Sunday, May 19, 2013

Spying on the Media and the US Congress: The AP Seizures and the Frightening Web They’ve Uncovered

Paranoia,” said Woody Allen, “is knowing all the facts.” By that measure, we’re becoming more and more “paranoid” every day.


This week, we learned that the Obama Justice Department seized two months of records [1] of at least 20 phone lines used by Associated Press reporters. These include phone lines in the AP’s New York, Washington and Hartford, Conn offices as well as the main AP number in the House of Representatives press gallery, the private phones and cell phones belonging to AP reporters and a fax line in one AP office.

The government effected this massive seizure “sometime this year” according to a letter from the Justice Department to AP’s chief counsel this past Friday (May 10).

The letter cites relevant “permission” clauses in its “investigative guidelines” and makes clear that it considers the action legal and necessary.

In many ways, this is the most blatant act of media information seizure in memory. It affects over 100 AP journalists and the countless people those journalists communicated with by phone during those two months. It violates accepted constitutional guarantees, the concept of freedom of the press and the privacy rights of literally thousands of people. Predictably and justifiably, press, politicians and activists have expressed outrage.

But as outrageous as the admitted facts are, the story’s larger implications are even more disturbing. It’s bad enough that the Obama Administration has grossly violated fundamental constitutional rights, acknowledged the violation and defended their legality. Even worse is that likelihood that the intrusion will probably be ruled legal, that it has been ongoing against other targets for some time and that this is only the tip of the intelligence-abuse iceberg.

The facts are still tumbling out daily but here’s what we know. While the Justice Department’s letter of notice to AP didn’t provide the reason for the seizure, the date of the seizure or the dates of the data seized, the timing hints strongly that this is tied to a major investigation of “whistle-blowing”. Last year, the AP used unnamed sources in a story about a Central Intelligence Agency effort to disrupt a Yemen-based terrorist plot to bomb an airliner. The AP, at the government’s request, held that story for several days but published it on May 7, 2012 after it was confident the plot had been foiled. Because the AP’s story ran a day before Federal officials were scheduled to announce their “victory”, it’s logical to assume Associated Press honchos knew the government would be unhappy.

So they were probably not surprised that, led by the U.S. Attorney Ronald Machen, federal investigators spent a year aggressively searching for the people who leaked the information. That’s vintage Obama. With six government “whistle-blowers” in jail or being prosecuted, federal law-enforcers have prosecuted twice as many whistle-blowers [2] as all previous Administrations combined over the course of two and a quarter centuries. But until now, the media-savvy Obama people have been careful to restrain their pursuit of the corporate press, limiting confrontations to an occasional request or demand for one source revelation.

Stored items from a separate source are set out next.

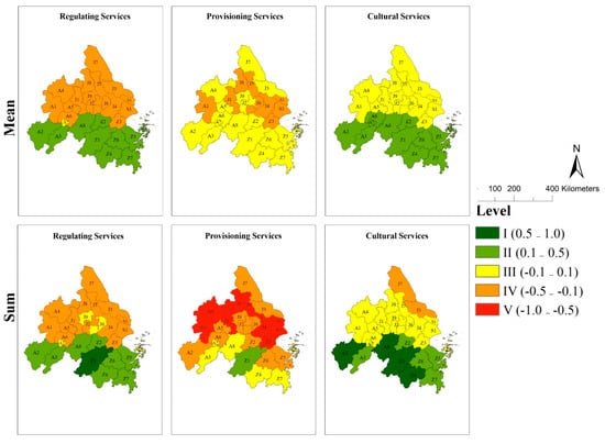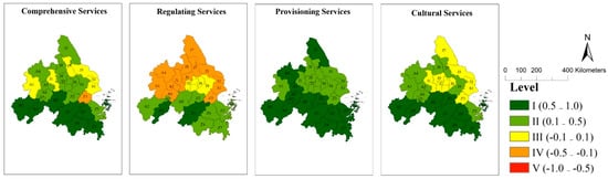 3.4.1. Assess City ES Supply–Demand (Mis)Matches Based on the ES Amount Index
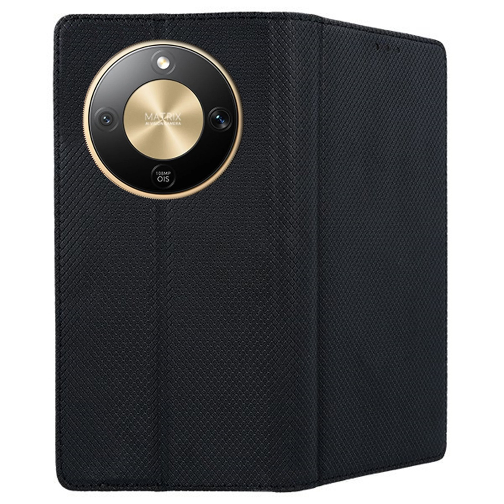 Telefontok Honor Magic8 Lite - fekete mágneses szilikon keretes könyvtok
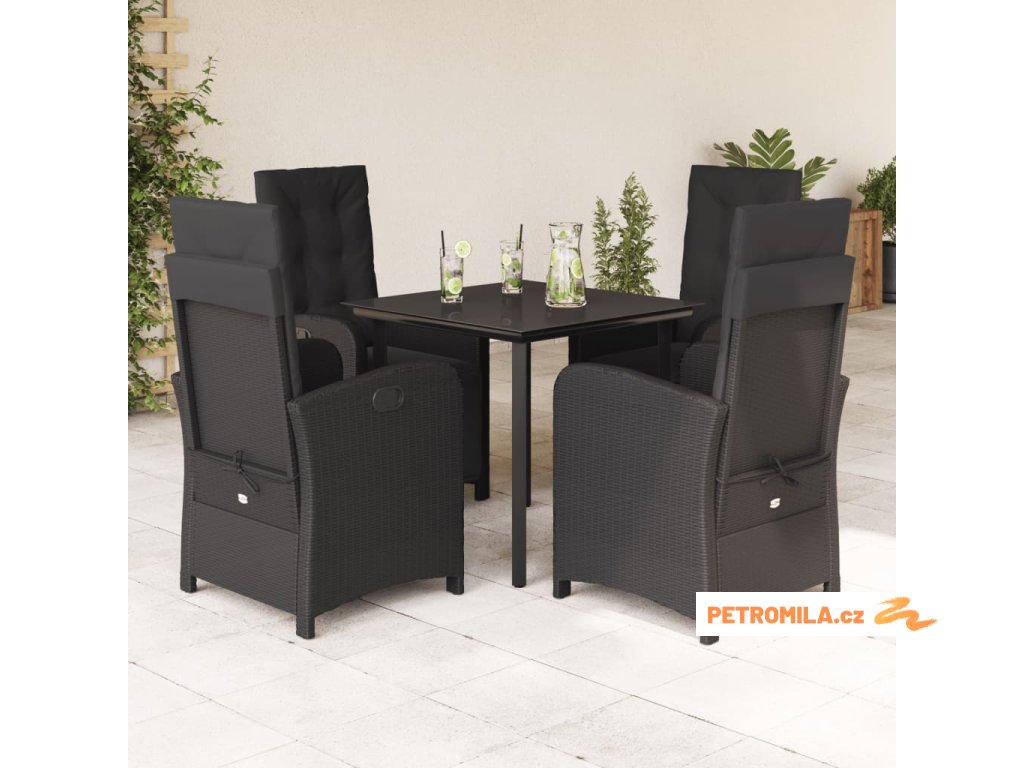 5dílný zahradní jídelní set s poduškami černý polyratan
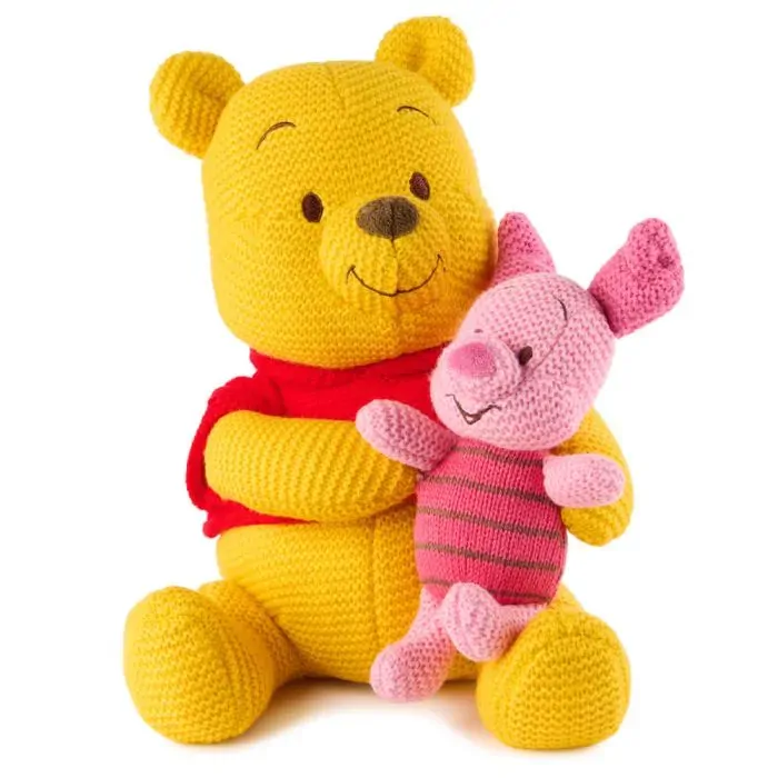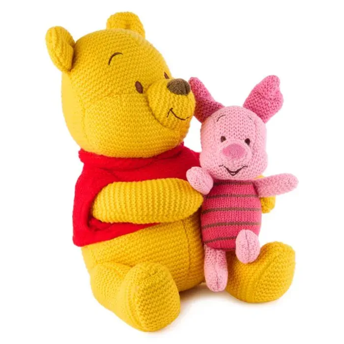 Celebrate friendship with Winnie the Pooh and Piglet! Even when things get a little scary, timid Piglet knows his best friend is always waiting nearby to make things better with a hug. This adorable seated plush features Pooh bear holding his pal Piglet in his lap like they’re ready for story time. Pooh and Piglet feature authentic character details from Winnie the Pooh, including Pooh’s red t-shirt, Piglet’s bright pink striped shirt, and their irresistibly cute smiles. This plush is also crafted with an eye-catching chunky knit design that adds a sophisticated touch to any collection, making it not only a cuddly companion but also a thoughtful gift and an impressive keepsake for any reader or kid at heart.
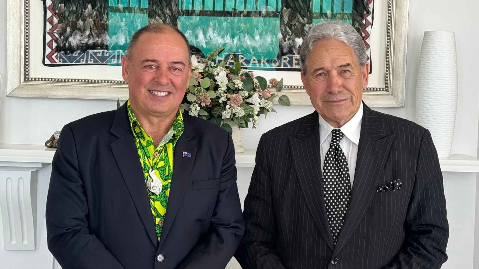 Mark Brown and Vaovasamanaia Winston Peters following their informal meeting in Auckland. Photo/Supplied
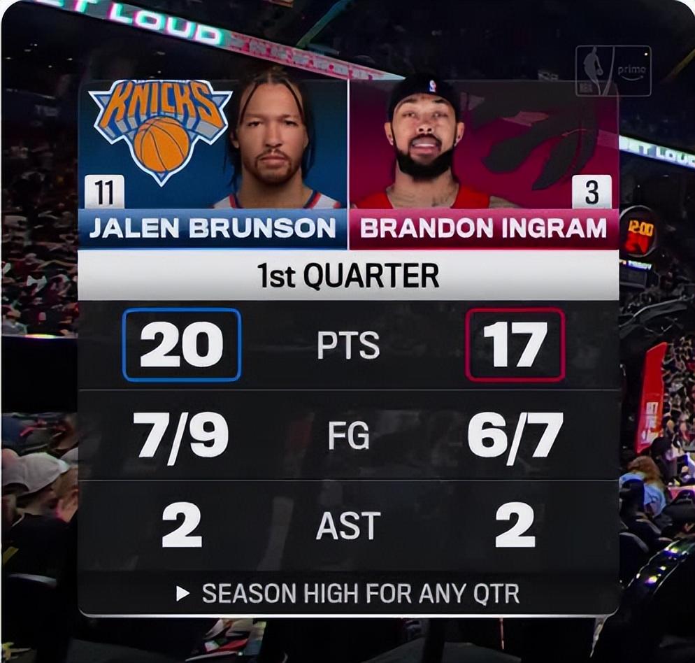 首節開場兩隊的核心人物對轟,兩人都打滿12分鐘,布倫森9中7+6中4拿到20分2助攻,英格拉姆7中6+三分1中1拿到17分3籃板2助攻2搶斷,英格拉姆在最後1分鐘幫助猛龍領先結束首節。

That’s why these revelations are so shocking to media professionals and advocates. As AP’s CEO Gary Pruitt told Attorney General Eric Holder in his letter of complaint this week[3], “These records potentially reveal communications with confidential sources across all of the newsgathering activities undertaken by the AP during a two-months period, provide a road map to AP’s news gathering operations and disclose information about AP’s activities and operations that the government has no conceivable right to know.”

There, in a nutshell, is the problem. For the corporate media, there is still such a concept as “no conceivable right to know”. Up to now, part of Obama’s information policy has been that mainstream media qualifies for First Amendment protection but “alternative” journalists and the news organizations they work for, as well as bloggers, activists, writers and others who work independently of major news organizations and who use the Internet as the free vehicle of communications it was invented to be have absolutely no protections. Since 2009, this government is known to have taken action against Internet activists and truth-tellers: seizing servers, email records and virtually all forms of on-line communications and then prosecuting people in over a dozen cases based on some of those seizures. There’s been very little action taken against the corporate press, which for its part has largely ignored or blacked out any reporting on the government attacks on its smaller media competitors.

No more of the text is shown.